Das Album selbst ist aber alles andere als Müll, für mich nicht weniger als das beste Release dieses Jahres bisher. Woran ich das festmache? Nun, das Album lief den ganzen Tag und wurde immer noch nicht langweilig. Die Soundkreationen sind sehr vielschichtig, mit Einflüssen aus allen möglichen Genres von orchestralen Stücken bis Electronica. Die Gästeliste liest sich auch recht gut, von DeLaSoul über Mos Def & Snoop bis Kano ist alles dabei, sogar eine Brass Band und ein Orchester ließen sich zu Kollaborationen überreden.
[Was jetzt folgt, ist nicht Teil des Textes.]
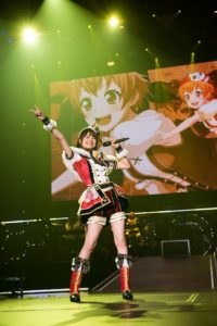 続いてRASがバックバンドとして演奏するゲストパートでは、アイドルバンド『Pastel*Palettes(パステルパレット)』から、ボーカル担当の丸山彩役・前島亜美が登場。スマートフォン向けゲーム『バンドリ! ガールズバンドパーティ!』のキービジュアルを再現した新衣装で登場した前島は『しゅわりん☆どり~みん』を始めとしたカワイイ系チューンを連続で披露したかと思うと、『もういちど ルミナス』をしっとりと聴かせる。さらに、前島は新曲『きゅ~まい*flower』では、アニメPVの振り付けを完全に再現と、圧巻のステージングで、RASの強さとはまた違った「アイドルの強さ」を存分に示した。

Nach einen von Streichern getragenem Intro heisst euch der gute Snoop gleich willkommen in Plastic Beach. Musikalisch wird der Track vom Hypnotic Brass Ensemble getragen. Das ganze ist tatsächlich sehr hypnotisch und eingängig. Danach kommt mit White Flag auf dem Kano, Bashy und das Lebanese National Orchestra for Oriental Arabic Music gefeatured sind und gleich einen ersten Höhepunkt des Albums markiert. Rhinestone Eyes ist dann wieder ein typischer Gorillaz Track mit Gesang und chilligem Groove. Stylo, die erste Single mit Mos Def und Bobby Womack, folgt und führt die Reihe sehr guter Tracks weiter. Bei Superfast Jellyfish mit DeLaSoul musste ich bei dem Chorus irgendwie an das Vampire Weekend Album denken, denn die Tracks klingen sehr ähnlich. Ich will euch jetzt nicht mit noch mehr Trackbeschreibungen langweilen, hört euch einfach den synthie getriebenen Sound selbst an. Für mich handelt es sich hier um ein großes Stück Musik mit Wiederhörwert, auch wenn insgesamt etwas die Kohärenz fehlt. Aber das ist sicherlich gewollt bei der verwobenen Mischung aus Stilrichtungen.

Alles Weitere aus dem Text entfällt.